Extracted records

########

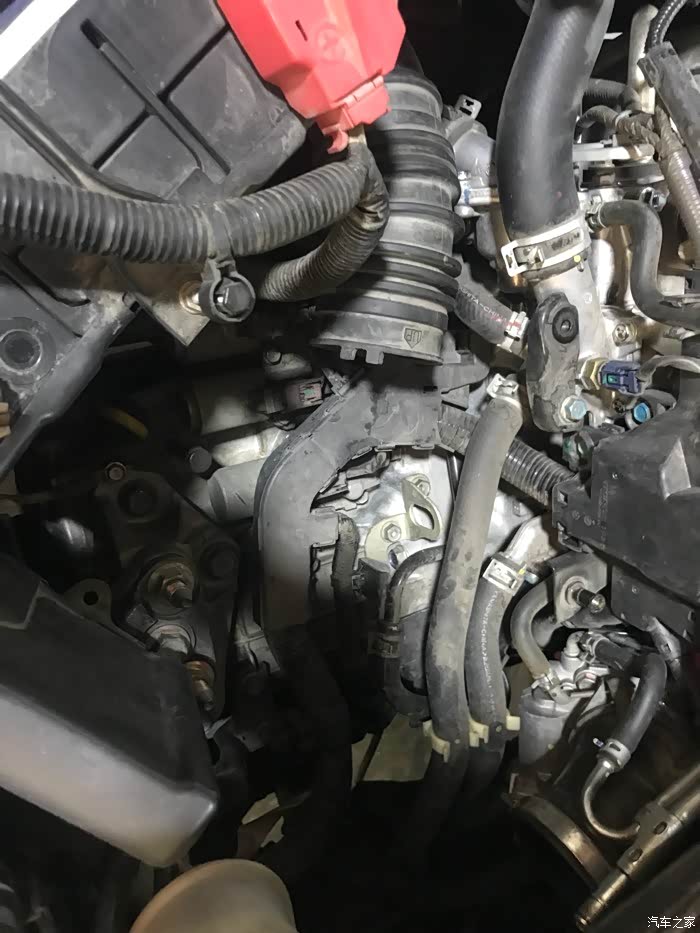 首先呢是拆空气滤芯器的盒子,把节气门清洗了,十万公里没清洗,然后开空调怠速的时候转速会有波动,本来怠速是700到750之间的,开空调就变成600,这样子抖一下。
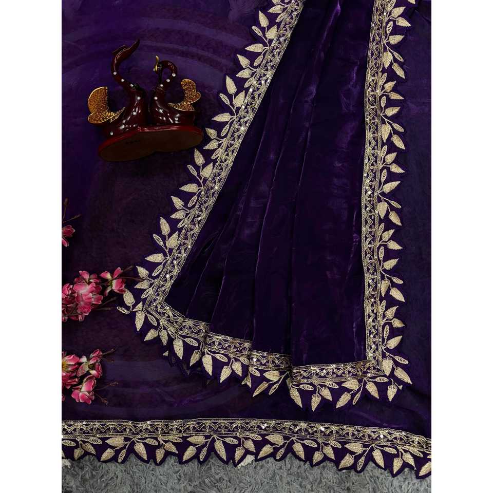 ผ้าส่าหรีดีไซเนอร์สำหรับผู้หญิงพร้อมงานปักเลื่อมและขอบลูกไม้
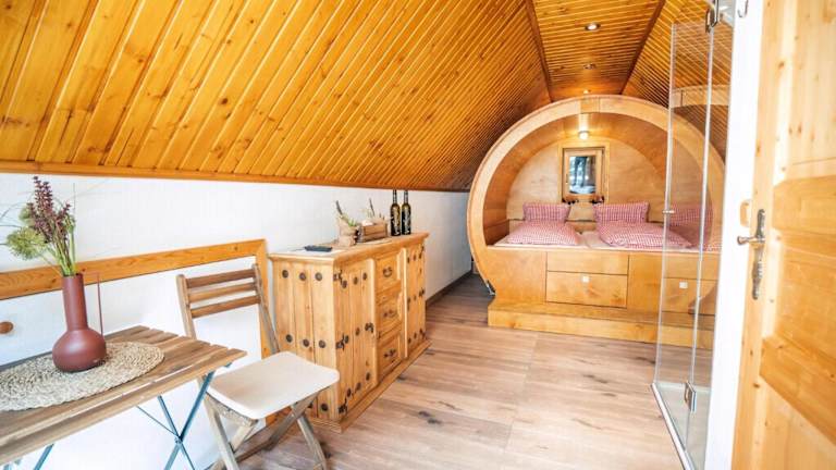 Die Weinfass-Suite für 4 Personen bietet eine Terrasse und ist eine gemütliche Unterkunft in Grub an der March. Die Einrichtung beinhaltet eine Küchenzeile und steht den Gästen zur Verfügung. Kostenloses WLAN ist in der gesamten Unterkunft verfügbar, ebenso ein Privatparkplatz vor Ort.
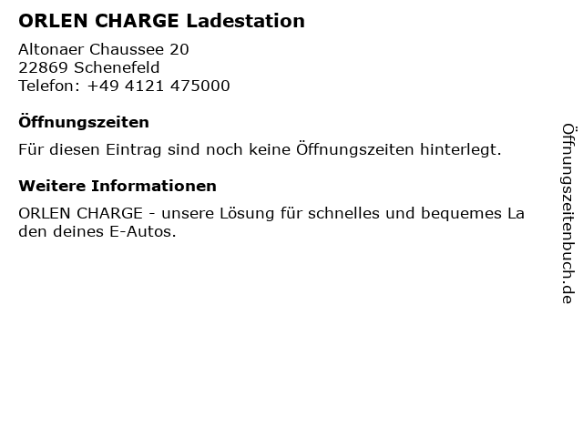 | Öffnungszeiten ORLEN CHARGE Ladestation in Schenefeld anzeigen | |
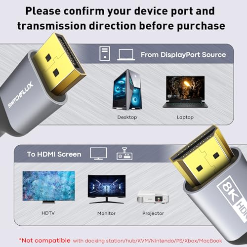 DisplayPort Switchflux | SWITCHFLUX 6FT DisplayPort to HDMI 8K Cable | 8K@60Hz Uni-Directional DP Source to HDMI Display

########

Begin at the line containing "Die Weinfass-Suite für" and extract every line through the end of the records, inclusive, exactly and only; omit pictures.

EXERCISE OUTPUT:
 Die Weinfass-Suite für 4 Personen bietet eine Terrasse und ist eine gemütliche Unterkunft in Grub an der March. Die Einrichtung beinhaltet eine Küchenzeile und steht den Gästen zur Verfügung. Kostenloses WLAN ist in der gesamten Unterkunft verfügbar, ebenso ein Privatparkplatz vor Ort.
 | Öffnungszeiten ORLEN CHARGE Ladestation in Schenefeld anzeigen | |
 DisplayPort Switchflux | SWITCHFLUX 6FT DisplayPort to HDMI 8K Cable | 8K@60Hz Uni-Directional DP Source to HDMI Display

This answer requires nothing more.